===== INPUT DATA =====
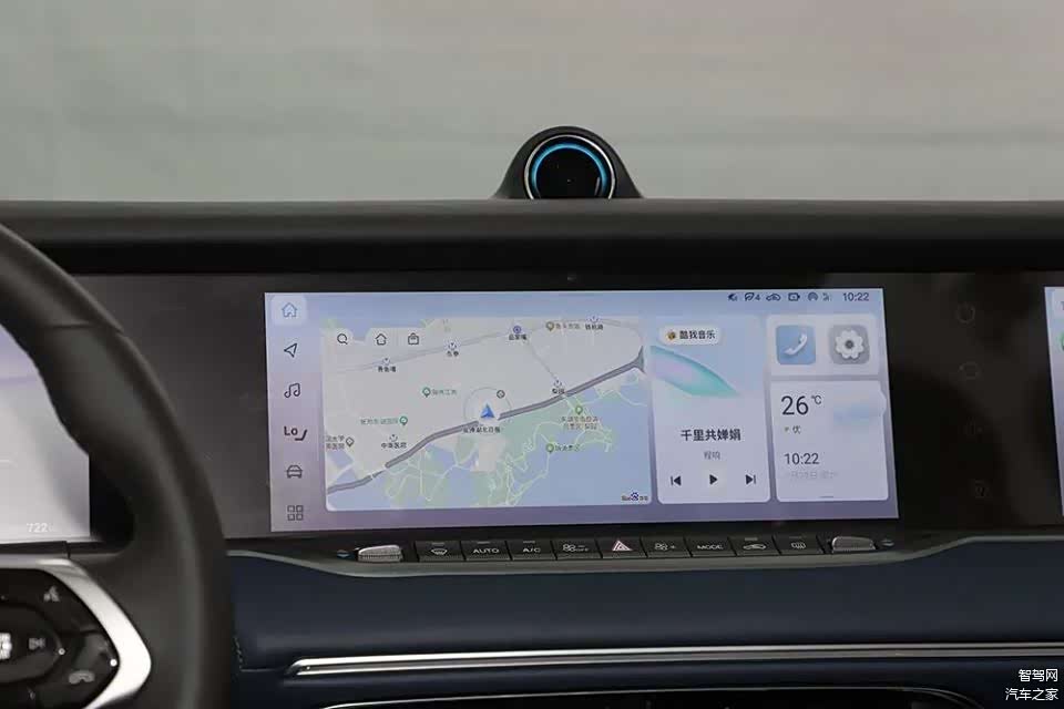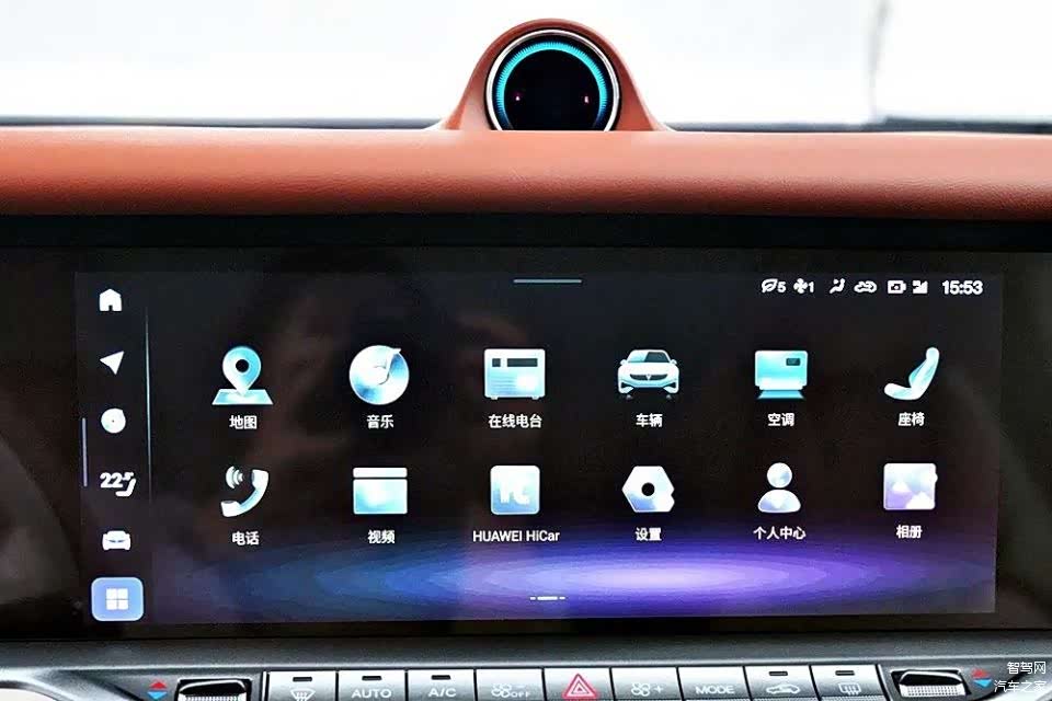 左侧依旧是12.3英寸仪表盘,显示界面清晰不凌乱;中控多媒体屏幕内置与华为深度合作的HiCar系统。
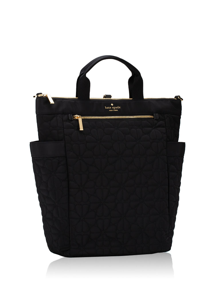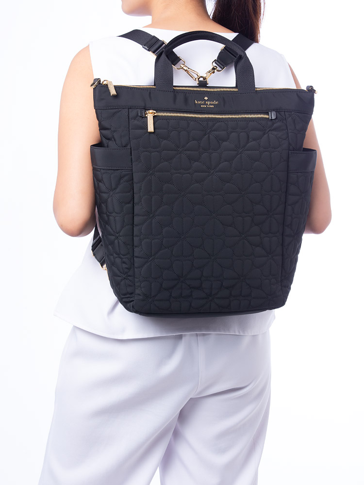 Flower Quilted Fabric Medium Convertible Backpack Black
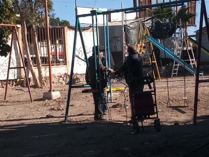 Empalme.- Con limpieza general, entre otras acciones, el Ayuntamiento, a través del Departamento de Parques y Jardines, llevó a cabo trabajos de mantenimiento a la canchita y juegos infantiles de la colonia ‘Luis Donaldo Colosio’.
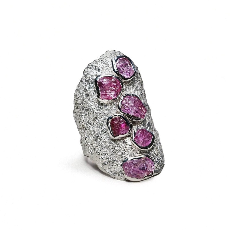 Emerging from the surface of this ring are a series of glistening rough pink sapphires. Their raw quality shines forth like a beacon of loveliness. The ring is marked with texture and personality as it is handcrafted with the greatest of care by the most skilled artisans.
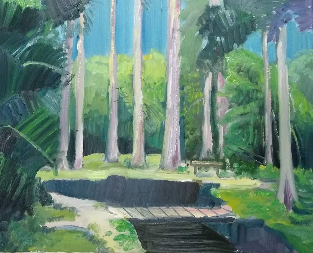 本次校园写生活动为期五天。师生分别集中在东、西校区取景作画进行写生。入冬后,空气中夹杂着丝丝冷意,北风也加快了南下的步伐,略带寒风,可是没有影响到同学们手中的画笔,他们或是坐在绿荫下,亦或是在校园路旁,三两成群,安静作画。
=====
• DIRECTIONS
Copy back exactly the lines above from the one containing "Flower Quilted Fabric" through the one containing "Empalme.- Con limpieza", and leave every picture behind.

• RESULT OF THE TASK
 Flower Quilted Fabric Medium Convertible Backpack Black
 Empalme.- Con limpieza general, entre otras acciones, el Ayuntamiento, a través del Departamento de Parques y Jardines, llevó a cabo trabajos de mantenimiento a la canchita y juegos infantiles de la colonia ‘Luis Donaldo Colosio’.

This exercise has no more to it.